**What you have to do**
Below are entries. Reproduce exactly the lines between the line holding "Структура здания –" and the line holding "Press the indicator", inclusive, and only those.
(Material provided Opens)
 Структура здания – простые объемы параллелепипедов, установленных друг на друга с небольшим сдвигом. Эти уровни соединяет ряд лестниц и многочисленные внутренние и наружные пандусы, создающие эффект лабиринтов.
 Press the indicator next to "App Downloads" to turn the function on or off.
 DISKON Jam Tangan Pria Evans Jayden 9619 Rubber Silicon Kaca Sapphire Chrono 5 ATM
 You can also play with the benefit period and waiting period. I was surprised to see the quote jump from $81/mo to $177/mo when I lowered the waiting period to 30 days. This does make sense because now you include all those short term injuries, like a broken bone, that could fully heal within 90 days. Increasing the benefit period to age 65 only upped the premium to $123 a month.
(Material provided Closes)
(Material provided Opens)
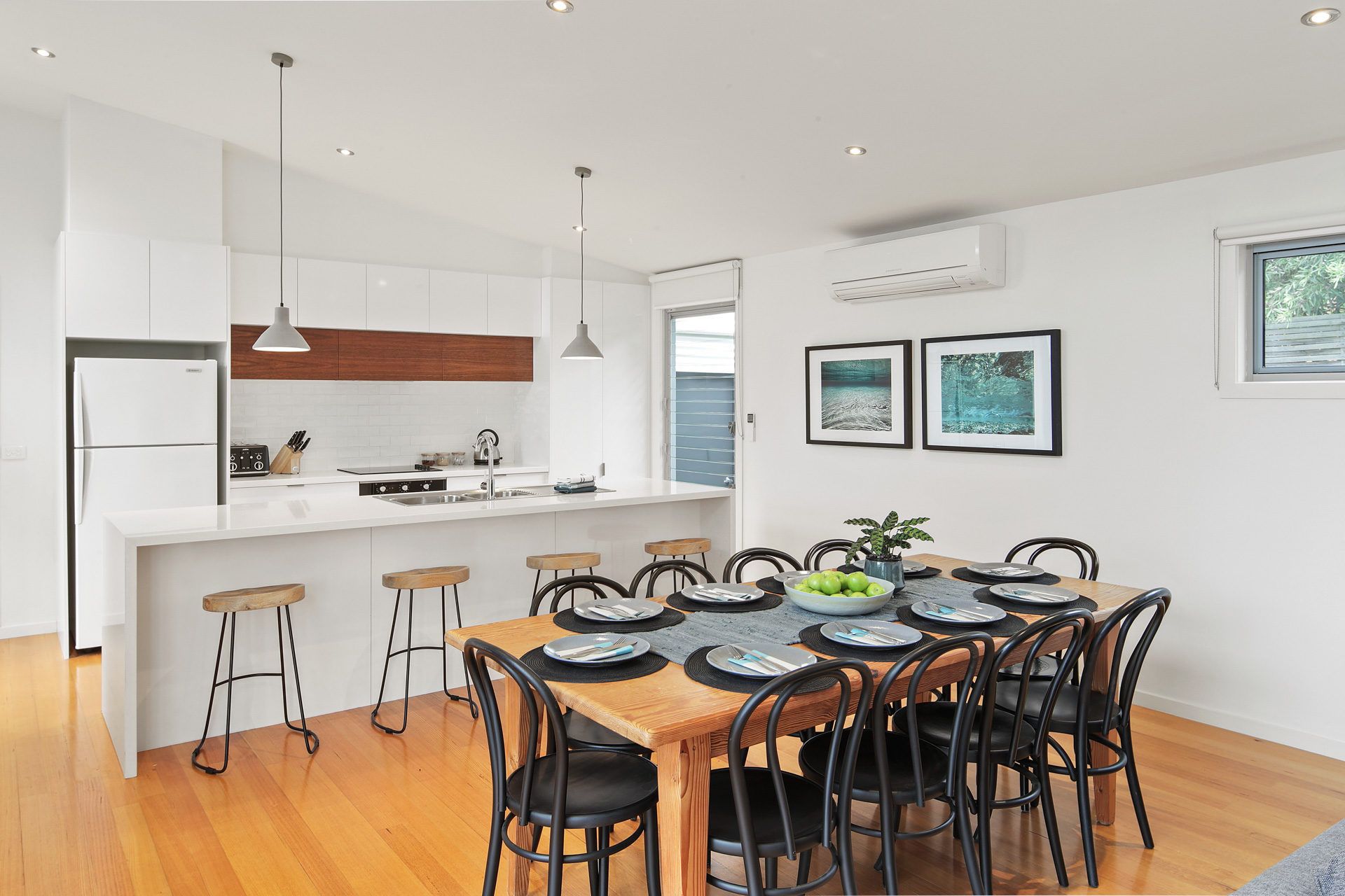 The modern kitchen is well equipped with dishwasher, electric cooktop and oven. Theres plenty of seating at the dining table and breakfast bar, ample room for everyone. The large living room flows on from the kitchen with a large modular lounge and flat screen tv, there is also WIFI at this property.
(Material provided Closes)
**Solution to this problem**
 Структура здания – простые объемы параллелепипедов, установленных друг на друга с небольшим сдвигом. Эти уровни соединяет ряд лестниц и многочисленные внутренние и наружные пандусы, создающие эффект лабиринтов.
 Press the indicator next to "App Downloads" to turn the function on or off.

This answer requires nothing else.